One thing about being snowbound is that, in addition to taking long, guilt-free afternoon naps, you can find yourself frittering away even more time than usual reading junk news online. Why stop with the Daily Mail, when you can also check out the NY Daily News and the NY Post?
Why stop, indeed.
So it’s thank to all the snow that I cam e across an article in The Post that broke the news that the wedding of the century, i.e., the nuptials between Charles Manson (age 80) and his blushing bride, sweet young thing Afton Elaine Burton (she’s 27), have been called off. Apparently by Charlie.
I must say that, when I read about this proposed marriage a while back, my first thought was that there is no such thing as touching bottom. That just when you think you’ve plumbed the depths, a new low is found.
What, I asked myself, could this young woman possibly be thinking?
We’ve all, no doubt, seen marriages-in-the-making that we had our doubts about.
But one that involved in mass-murdering, completely insane psychopath?
Well, there was the marriage of Eva Braun and Adolf Hitler.
I guess that rests my case…
Anyway, at least according to journalist Daniel Simone, who’s shopping a new book on Manson, the Burton-Manson marriage was not so much a fine romance as it was a business opportunity for Burton:
Manson’s engagement to a woman 53 years his junior was part of a wild scheme of hers to profit by putting his body on public display after his death, says the author of an upcoming book…
Burton and a pal, Craig Hammond, planned to lay out Manson’s remains in a glass crypt, Simone says. The pair figured their bizarre California version of Lenin’s Tomb would draw huge crowds and make big money.
But Manson, 80, does not want to marry Burton and has no interest in spending eternity displayed in a glass coffin, Simone told The Post. “He’s finally realized that he’s been played for a fool,” Simone said.

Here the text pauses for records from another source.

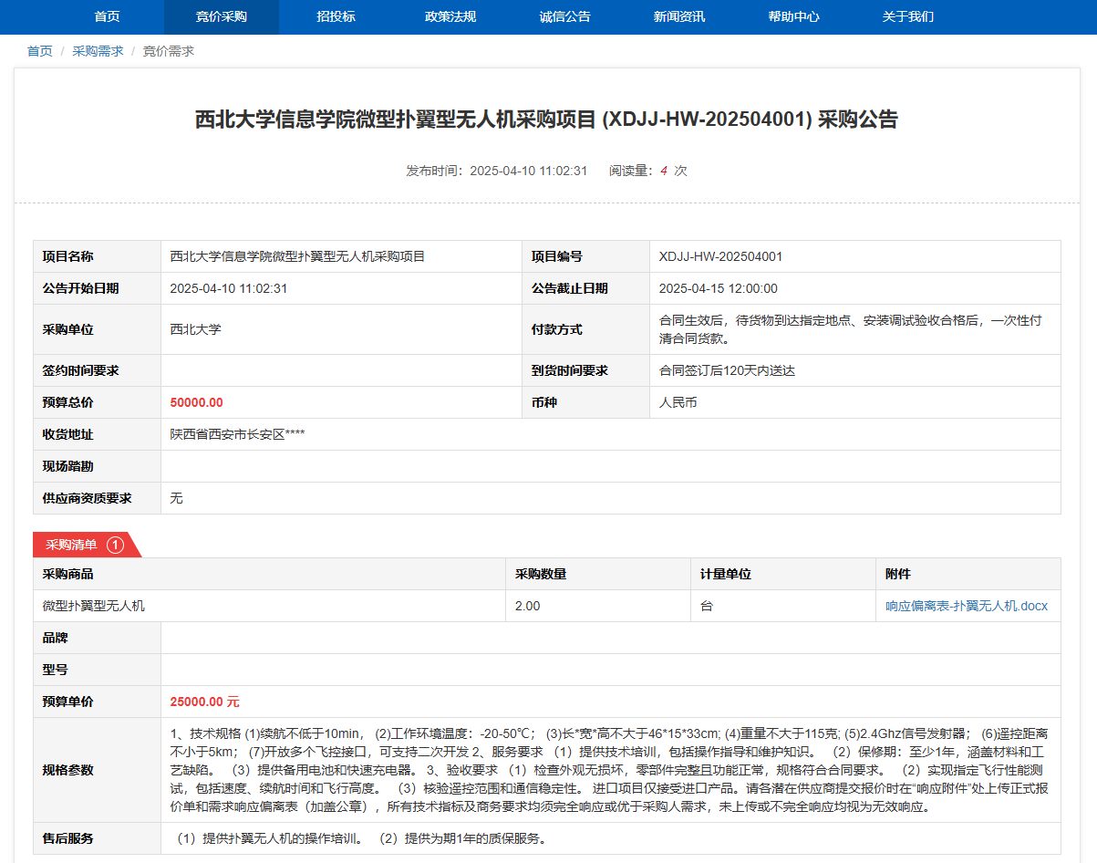 云博app官方在线入口信息学院微型扑翼型无人机采购项目(XDJJ-HW-202504001)竞价采购公告 作者:采购与招标办公室 编辑: 时间:2025-04-10 原公告链接:https://www.ejingcai.com.cn/site/bidding/detail/17536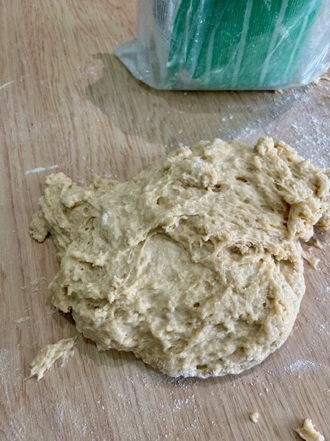 Use your hands to bring the dough together and start to knead the dough by stretching it and then bringing it back together.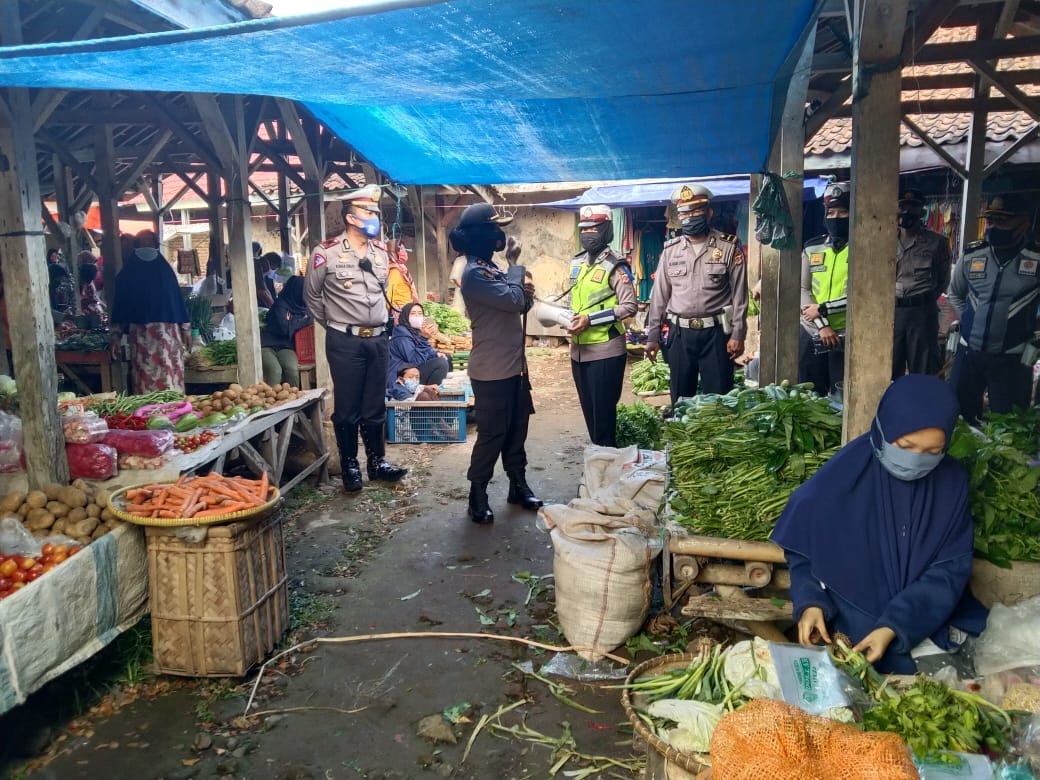 Kapolres Banjar bersama Satuan Lalu Lintas Polres Banjar Berikan Himbauan Protokol Kesehatan Di Pasar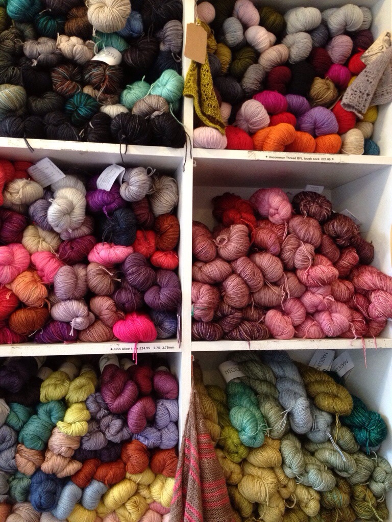 I can bear to show you this Hitchhiker again now. I undid about two thirds of the finished scarf. It was all ready on Christmas Eve to have the ends darned in, wrapped up and given the next day, until I noticed something rather strange. It was not a missed stitch, but a vertical row of 8 or so little stitches like plant shoots reaching up for the light. An alien encounter! I can’t believe I hadn’t spotted that and it was impossible to correct, without leaving a big hole. I must have picked up a stitch where there was none. I felt sick, so it’s been bundled away for weeks until I felt I could redo all that garter stitching. I’ve made good progress adding a little at a time. I took it to Knit group at the pub this week and knitted and knitted until I realised I was holding a mere 3″ of wool. Oops! I have more, so that’s ok. As much as I love this Tosca Light by Lang, it is pretty tricky to undo. It’s fluffy when knitted, so like trying to rip open brand new velcro shoe straps. In the end I got so fed up that I grabbed my scissors several times and ended up with about four balls. I’ll forget about those for now and start a new reserve ball.

Another reason the madman balked at the plan is because he believes he is immortal. “He feels he will never die,” Simone said. “Therefore, he feels it’s a stupid idea to begin with.” (Source: NY Post)
Trust Charlie Manson, that shrewd-ie, to spot a stupid idea…
But just the thought of this wedding.
Does the bride say yes to the dress? How do you honeymoon when the groom isn’t allowed a conjugal visit? Does the happy couple register at Williams Sonoma and Crate and Barrel, or are they more the Walmart types? Just what does one get for the couple that has everything, or nothing, depending on how you want to look at it.
How about a Jack and Jill shower, in which the cash gets put in Manson’s commissary account? And, while it’s too late for Manson, how about putting the money towards mental health counseling for the bride?
But back to the, errrr, business opportunity.
Sure, there is definitely an audience for such a “product” – or is it a “service”. And, since it’s the largest state, California probably has the largest segment of this audience.
But, seriously, “huge crowds?” “Big money?’
Hey, let’s do a stay-cation right here in the Golden State. We can do Knott’s Berry Farm, Fishermen’s Wharf, and Charles Manson’s Crypt.
Oh, we’ve already been to Disneyland and Grauman's Chinese. We could take the ferry to Catalina, but it might be really interesting to see Manson’s body.
Can we go to that swell Manson crypt again? Please, Mom. Please, Dad. I promise to eat my legumes and make my bed.
In terms of marketing, Burton and Hammond could make it part of an overall package.
A bus trip that includes a drive-by of Sharon Tate’s home in Benedict Canyon, and the home of the LaBiancas, too. The full day tour could take in the Spahn Ranch, the old western movie location where the Manson “Family” hung out. Maybe get one of the gang who’s out of prison – say, Squeaky Fromme – to provide a bit of insight and color.
Oh, Burton and Hammond could be on to something, that’s for sure.
Just the other day, I read an article that mentioned some Whitey Bulger memorabilia that’s for sale on eBay. All sorts of Nazi-related “souvenirs” are for sale. I remember my mother telling us that, as a kid in Chicago, she read in the news that some movie-goers who were at the Biograph Theater when the G-men managed to take down John Dillinger came out of the theater and dipped their popcorn in Dillinger’s blood.
Anyway, we all know that there are folks out there who marry for reasons other than love. Mostly those reasons are practical ones.
But this crypt exhibit idea doesn’t even pass the practical test.
What’s love got to do with it? Not much. But good sense, tastes, and common decency don’t seem to have much to do with it, either.
Am I the only one reminded of Tom Robbins’ Another Roadside Attraction? Does anybody read Tom Robbins any more?